Authentication proves who you are, such as logging in. Authorization decides what you are allowed to do once you are in, such as whether you can delete a record. Most enterprise identity features handle one or the other, and keeping them separate makes the whole topic clearer.
Do I need SAML or OIDC?
You need whichever your identity provider and your applications support. SAML is older and common in established enterprises. OIDC is newer and friendly to modern apps. Many organizations require SAML, so a tool that supports both is the safest. The full comparison is in the SAML vs OIDC post.
Is MFA a feature of each app?
Usually not directly. In enterprise setups, MFA is typically enforced at the identity provider, so it applies to every application reached through SSO. When evaluating an app, the more useful question is whether it supports SSO so your identity provider's MFA covers it.
Does wrxstack support SSO and audit logs?
Yes. wrxstack offers single sign-on through your own identity provider and an audit log of activity. It does not offer SCIM directory sync or a named RBAC product, and it states these limits openly rather than implying full enterprise coverage.
What should a small team buy first?
Start with authentication: SSO where your tools support it, with MFA enforced at the identity provider. Add role-based permissions and an audit log as access grows. Leave automated provisioning through SCIM until your workforce is large and changing enough to need it.
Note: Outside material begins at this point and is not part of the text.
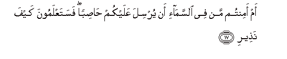 17. Or do ye feel secure that He Who is in Heaven will not send against you a violent tornado (with showers of stones), so that ye shall know how (terrible) was My warning?

Where wrxstack honestly stands
wrxstack offers SSO and an audit log, and it enforces permissions so the assistant and people only act within their access. It does not offer SCIM directory sync or a named RBAC feature, and it holds no security certifications today. If your organization requires automated provisioning or an audited vendor, wrxstack is not the right fit yet, and this guide would be worthless if it hid that. If SSO and a clear record of activity are what you actually need, those are real and in place.